→ **ASSIGNMENT**
Repeat, exactly as they appear, the lines from the one with "Capital invested in" through the last line of the entries below, but none of the pictures.

→ **ENTRIES SHOWN**
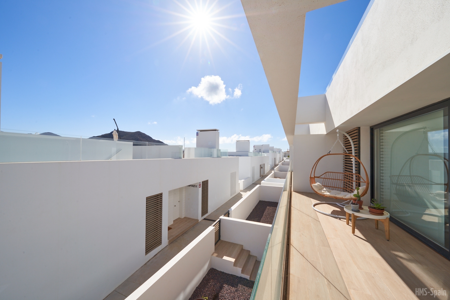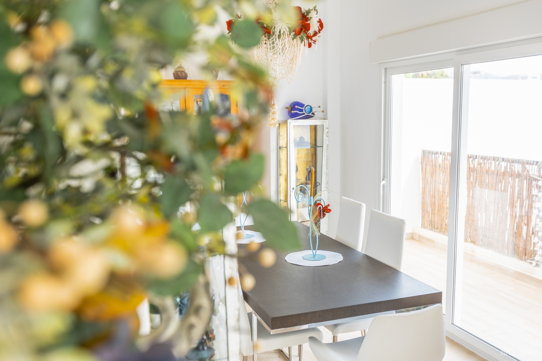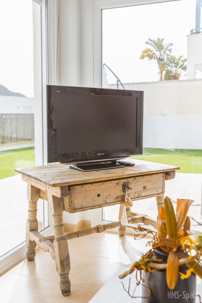 Preciosa casa muy equipada de obra nueva ubicada en una zona tranquila de San José ideal para pasar unas vacaciones en familia. 3 dormitorios, 2 baños y un aseo, plaza de garaje, jardÃn, terraza y solárium con barbacoa. Urbanización con piscina y zonas comunitarias.
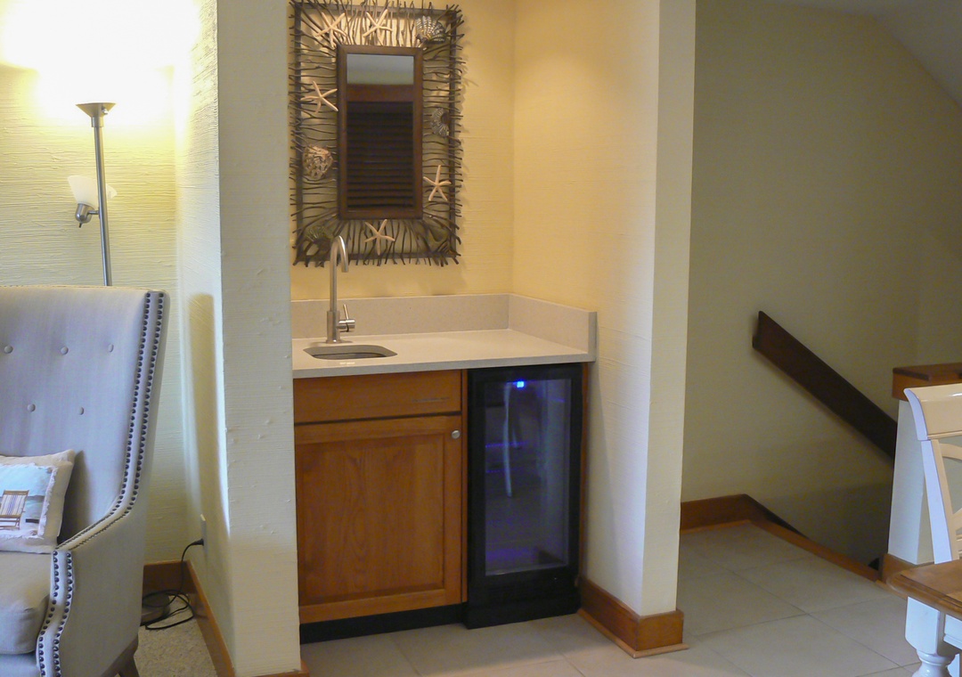 With indoor seating for nine, friends and family can gather for some delicious meals. Enjoy a cold beverage from the wet bar mini-fridge while gathering for a movie in the great room.
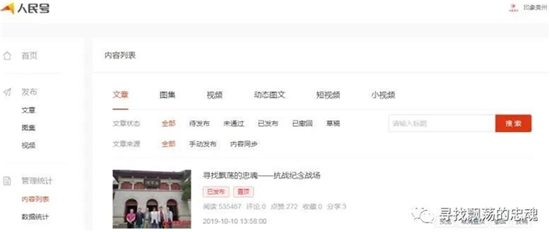 十月十日,拙文被关爱老兵的同道中人传至《印象贵州网》后,几乎产生了核裂变式的扩散。国内重量级的今日头条、网易当天转发。尤为令人感动的是:一向以庄重著称的《人民日报》新媒体平台人民号也在当天全文转载。此后几天又有十八家国内知名网站纷纷转发,台湾《海峡两岸》杂志也以十一页的篇幅全文刊登。
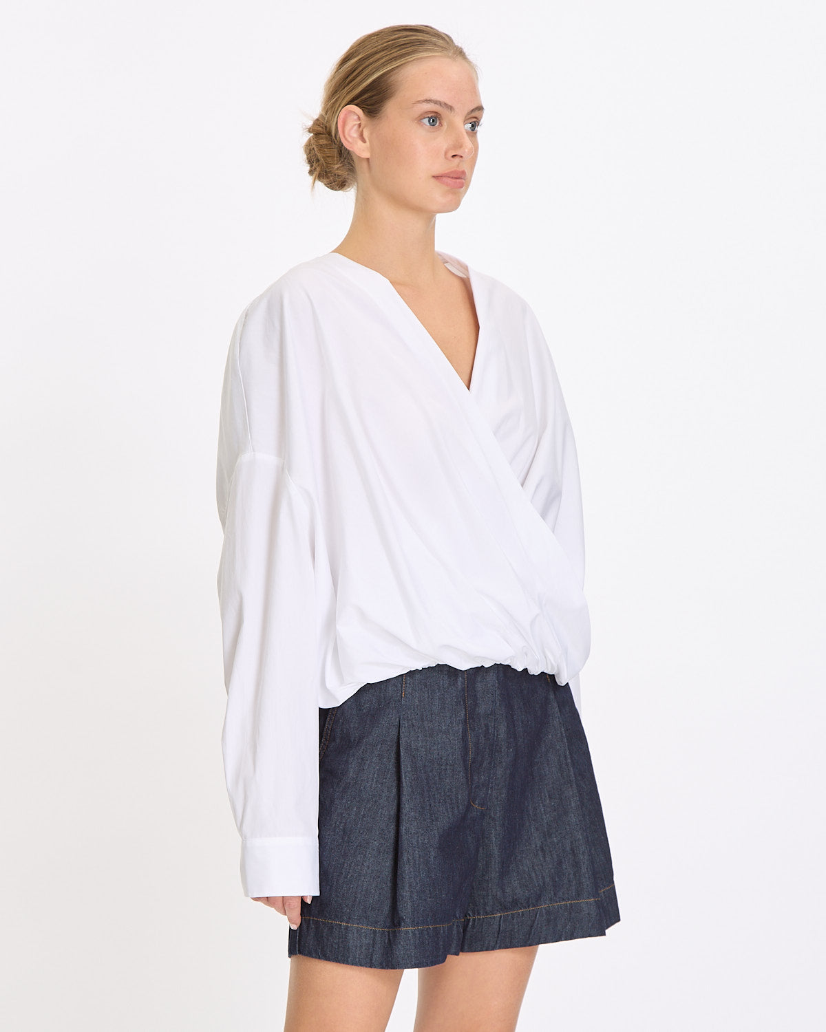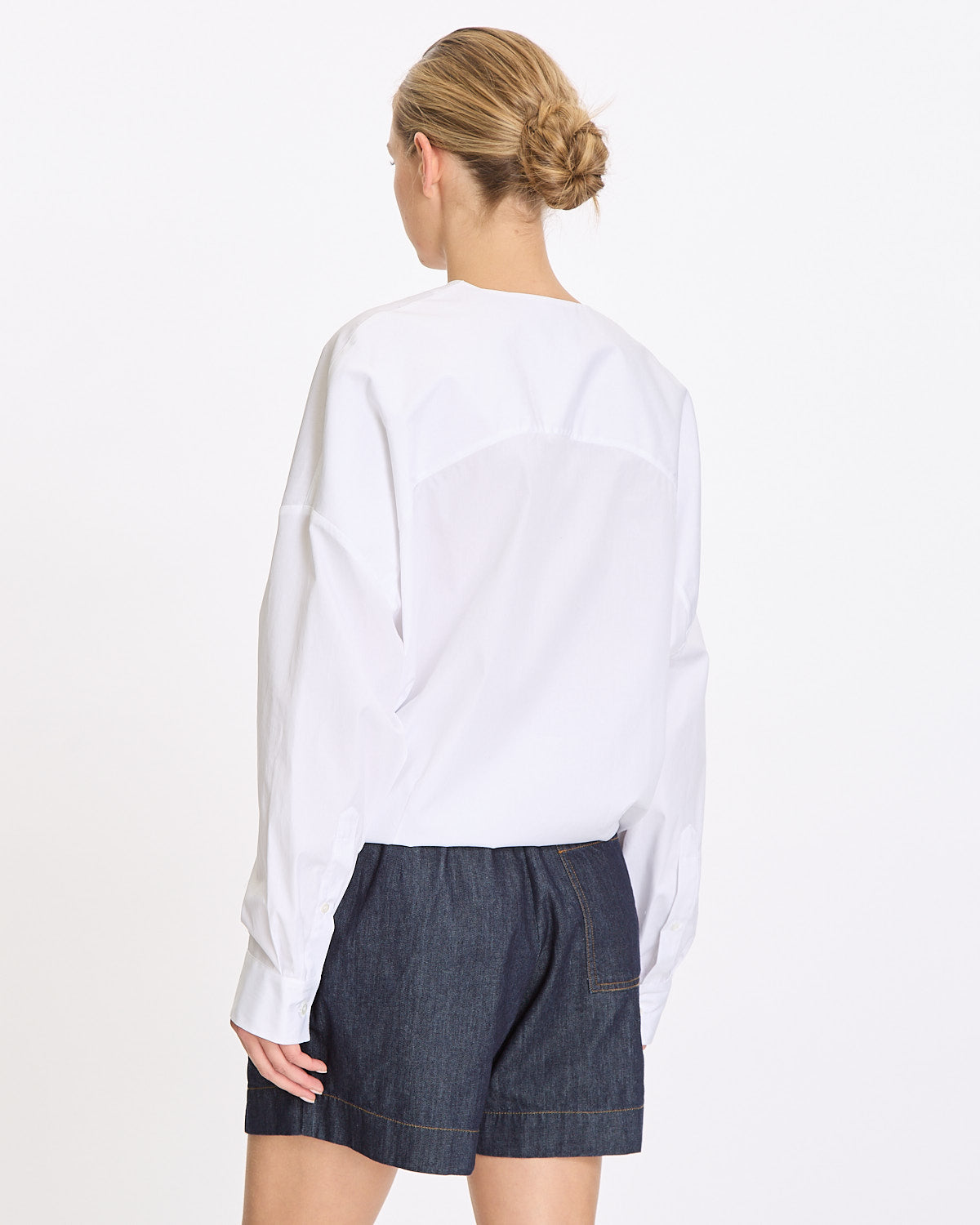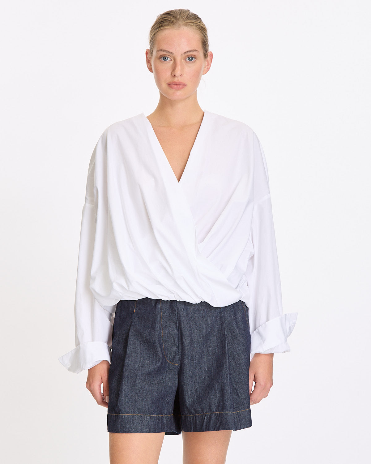 Dries Van Noten Camiel Shirt in white features a loose fit in a light weight cotton poplin fabrication. Details include draped front, v-neckline and button closure sleeve cuff plackets.
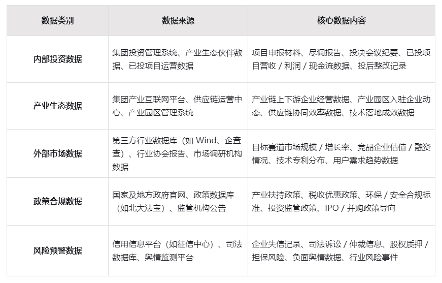 作为大数据体系的 “源头活水”,数据层整合内外部多维度数据,形成覆盖投资全链条的 “全域数据资源池”,具体数据来源与分类如下:
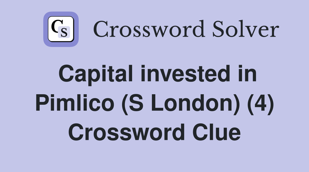 Capital invested in Pimlico (S London) (4) Crossword Clue Answers
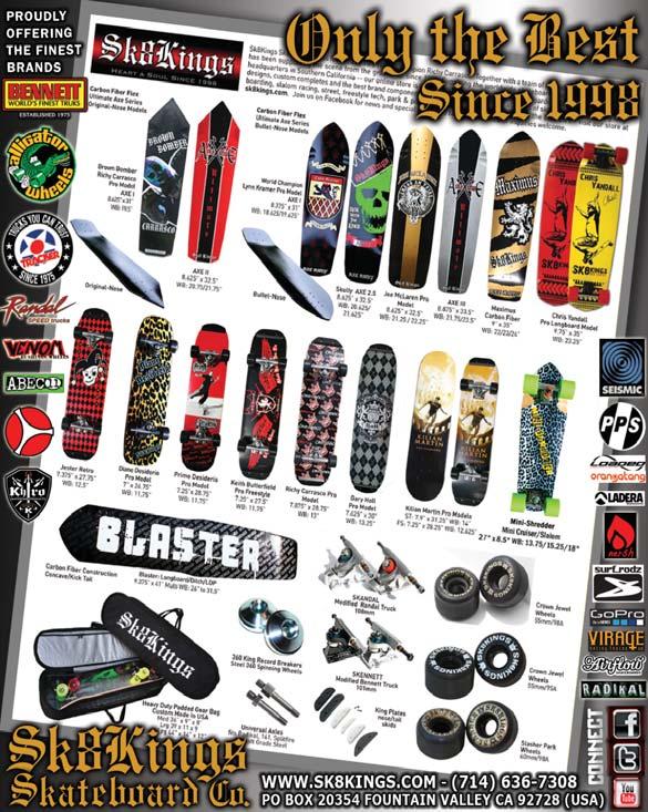 Sk8Kings Skateboards proudly releases World Champion Gary Holl’s signature pro model for 2012. Designed as the perfect cross-over street/freeestyle board and pressed in the legendary Sk8Kings mold, this 7.625” x 30” deck features symmetrical double kicks with a sharp looking Holl Crest Argyle graphic (skid plates optional). sk8kings.com
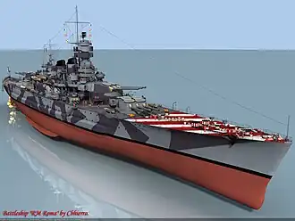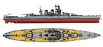 | Bewapening | 3x3 381 mm-kanonnen 4x3 152 mm-kanonnen 4x1 120 mm-kanonnen voor lichtkogels 20x 37 mm-luchtdoelgeschut 20x 20 mm-kanonnen en 6x 8 mm-machinegeweren | |||
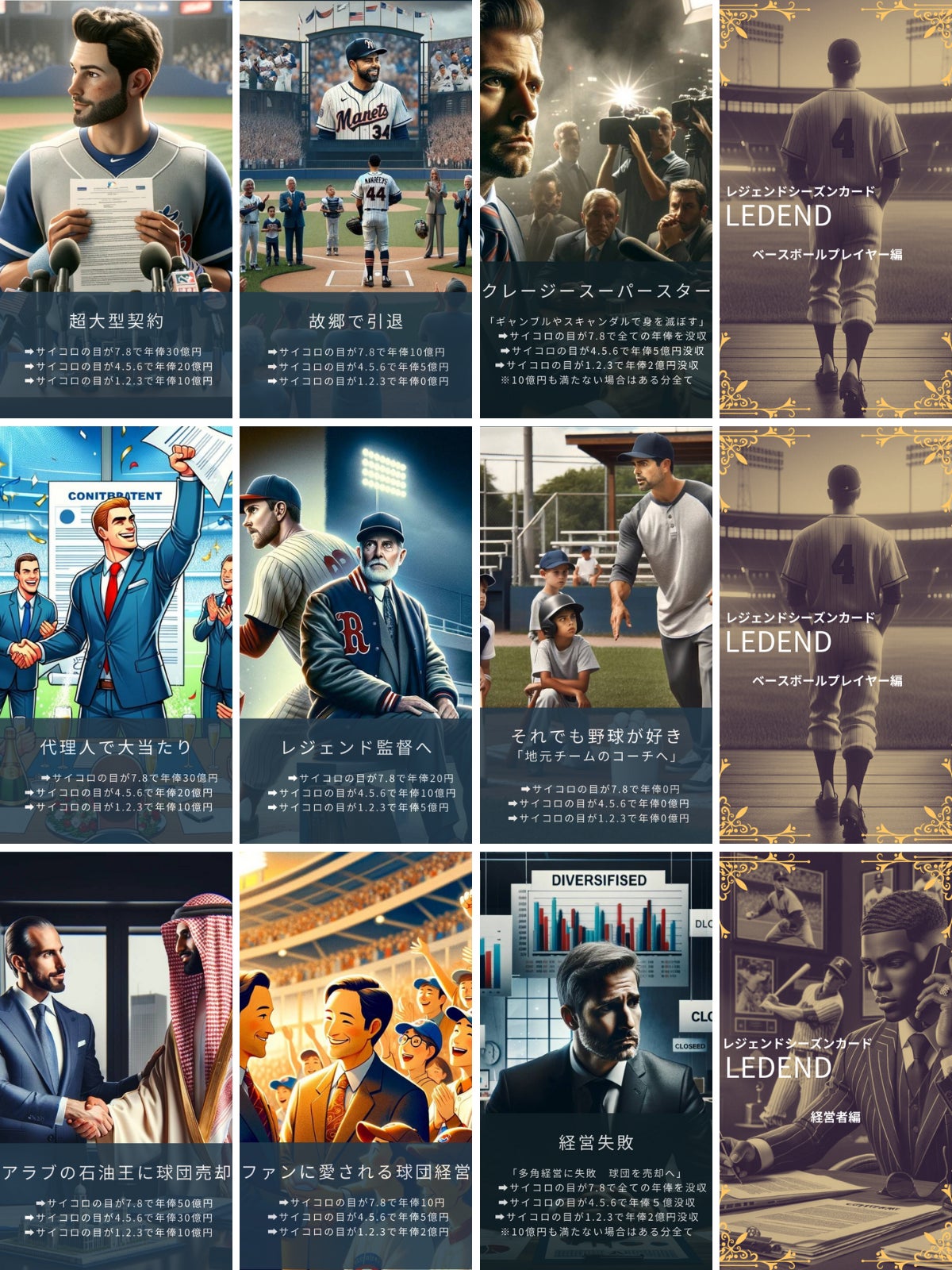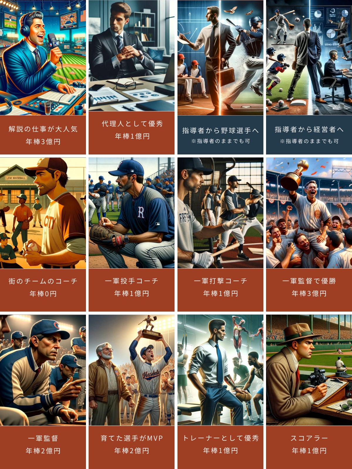 このゲームは、選手になったり、コーチになったり、球団オーナーになったりしながら、「野球」に関わる職業を通じて、お金を稼いでいきます。選手として大成しなくても、思わぬ大逆転があるかも知れません。
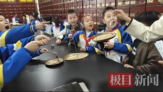 走进古色古香的中药房,百余个木质药斗整齐排列,药香扑鼻。“这是戥秤,古人就用它来精准称量药材。”药师的介绍吸引了孩子们的目光。在动手环节,学生们小心翼翼地操作起传统铜制戥秤,在秤杆起落、砝码增减间,亲身感受中药配制“一厘一毫”的严谨。

→ **RESPONSE**
 Capital invested in Pimlico (S London) (4) Crossword Clue Answers
 Sk8Kings Skateboards proudly releases World Champion Gary Holl’s signature pro model for 2012. Designed as the perfect cross-over street/freeestyle board and pressed in the legendary Sk8Kings mold, this 7.625” x 30” deck features symmetrical double kicks with a sharp looking Holl Crest Argyle graphic (skid plates optional). sk8kings.com
 | Bewapening | 3x3 381 mm-kanonnen 4x3 152 mm-kanonnen 4x1 120 mm-kanonnen voor lichtkogels 20x 37 mm-luchtdoelgeschut 20x 20 mm-kanonnen en 6x 8 mm-machinegeweren | |||
 このゲームは、選手になったり、コーチになったり、球団オーナーになったりしながら、「野球」に関わる職業を通じて、お金を稼いでいきます。選手として大成しなくても、思わぬ大逆転があるかも知れません。
 走进古色古香的中药房,百余个木质药斗整齐排列,药香扑鼻。“这是戥秤,古人就用它来精准称量药材。”药师的介绍吸引了孩子们的目光。在动手环节,学生们小心翼翼地操作起传统铜制戥秤,在秤杆起落、砝码增减间,亲身感受中药配制“一厘一毫”的严谨。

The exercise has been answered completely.